– Как говорится, куй железо, пока горячо. Вы хотите, чтобы все вышли?
Райдаут снова покачал головой: слева направо, справа налево:
– Нет, мне потребуется помощь.
Фокусники без этого не обходятся, подумала Кэт, это часть шоу.
Ветер за окном взвыл, смолк, а потом снова завыл. Свет в доме замигал. Генератор, тоже произведение искусства, на заднем дворе дома рявкнул и замолчал.
Райдаут присел на край кровати:
– Мистер Дженсен справится. Мне кажется, он сильный, и у него хорошая реакция.
– Вы правы, – сказал Ньюсом. – В колледже он играл в футбол. В защите. С тех самых пор не потерял формы.
– Разве что чуть-чуть, – скромно потупился Дженсен.
Райдаут наклонился к Ньюсому. Его темные, глубоко посаженные глаза внимательно изучали испуганное лицо миллиардера:
– Ответьте мне на один вопрос, сэр. Какого цвета ваша боль?
– Зеленая, – ответил Ньюсом, с восхищением глядя на священника. – Моя боль зеленого цвета.

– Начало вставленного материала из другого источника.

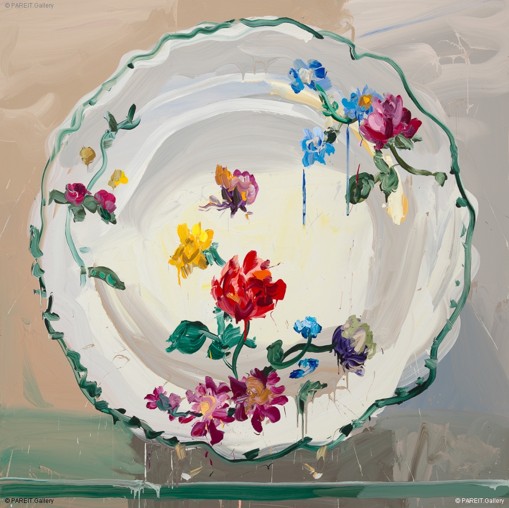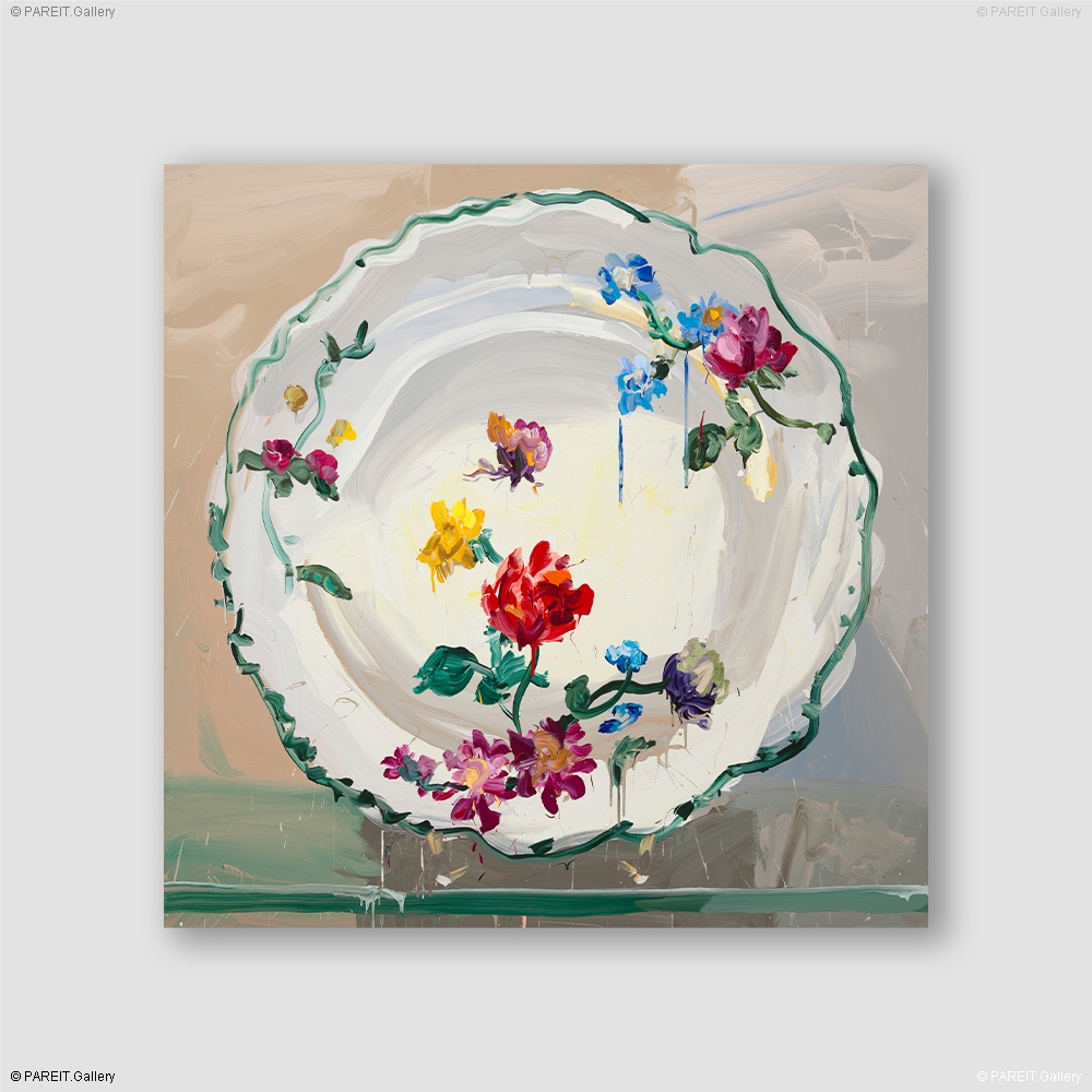 Porcelain was once the ultimate status symbol: a precious object reflecting the taste, wealth, and worldly outlook of its owners. Today, it carries above all a memory -of grandeur, refinement, and a vanished form of material culture. In that visual and cultural legacy, Jan De Vliegher finds a lasting source of inspiration. In the "Plates" series, he transforms porcelain dishes into abstracted visions: not faithful depictions of reality, but expressive interpretations -freer, richer, more intense. Each plate becomes a visual manifesto: a circular explosion of colour and movement set against a neutral background. The series reflects on the human tendency to surround oneself with beauty and opulence, as the European aristocracy once did. What was once a utilitarian object is, under De Vliegher's brush, lifted beyond its function -elevated to idea, to desire. That "Plates" ranks among the artist's personal favourites underscores the significance he attaches to this body of work. Each piece turns the plate into an open field of colour, gesture, and paint -a celebration of painting itself.

Райдаут кивнул: вверх-вниз, вверх-вниз. Он не отводил глаз от лица Ньюсома. Кэт была уверена, скажи последний, что его боль синяя, или фиолетовая, как легендарный Пурпурный Людоед[2], кивок Райдаута был бы исполнен такой же торжественности и значения. Со страхом и изумлением она вдруг подумала: А ведь я могу и не сдержаться. Вполне могу. Это будет самая дорогая истерика в моей жизни, и все-таки я на нее способна.
– Где она находится?
– Везде, – это был почти стон. Мелисса сделала шаг вперед и с тревогой посмотрела на Дженсена. Кэт заметила, как тот едва заметно махнул головой, отсылая Мелиссу обратно к двери.
– Да, ему нравится, когда людям так кажется, – сказал Райдаут, – но это неправда. Закройте глаза и сосредоточьтесь. Вглядитесь в вашу боль. Сквозь ее притворные крики, не поддаваясь ее дешевому чревовещанию, найдите ее. Вы можете это сделать. Вы должны, если хотите, чтобы от этого был толк.
Ньюсом закрыл глаза. Минуты полторы в комнате царила тишина, только ветер выл за окном, яростно бросая в стекла капли дождя. На руке у Кэт были старомодные механические часы, много лет назад подаренные отцом на окончание школы медсестер; когда ветер на мгновение умолк, в комнате стало так тихо, что она услышала, как они тикают. Где-то в дальнем конце дома, как всегда по вечерам, прибираясь в кухне, Тоня Эндрюс тихонько напевала: «Жених причесан, приодет. Он саблю взял и пистолет. И лихо шпорами звеня, вскочил на резвого коня».
Наконец Ньюсом сказал:
– Она у меня в груди. Наверху, почти у горла, в самой трахее.
– Вы можете ее увидеть? Сосредоточьтесь!
На лбу Ньюсома появились вертикальные складки. Шрамы, оставшиеся после катастрофы, вздулись от напряжения.
– Я вижу ее. Она пульсирует в такт с моим сердцем, – губы Ньюсома скривились от отвращения. – Какая мерзость!
Райдаут придвинулся почти вплотную к Ньюсому: – Это шар, да? Зеленый шар.
– Да, да! Маленький зеленый шар, который дышит!
И он похож на теннисный мячик, который ты спрятал в рукаве или коробке для завтраков, святой отец, подумала Кэт.
Вдруг, как будто она действительно управляла им силой своей мысли (а не просто предугадывала действия этого нелепого актеришки), Райдаут сказал:
– Мистер Дженсен. По стулом, на котором я сидел, стоит коробка. Поднимите ее, откройте и встаньте рядом. Больше от вас в данный момент ничего не требуется. Просто…
И тут Кэт Макдональд щелкнула пальцами. На самом деле щелчок прозвучал у нее в голове. С таким звуком Роджер Миллер щелкал пальцами во вступлении к песне «Король дорог».
Она встала рядом с Райдаутом и оттолкнула его плечом в сторону. Хоть он и был выше ростом, но она, полжизни поднимавшая и ворочавшая пациентов, оказалась гораздо сильнее священника.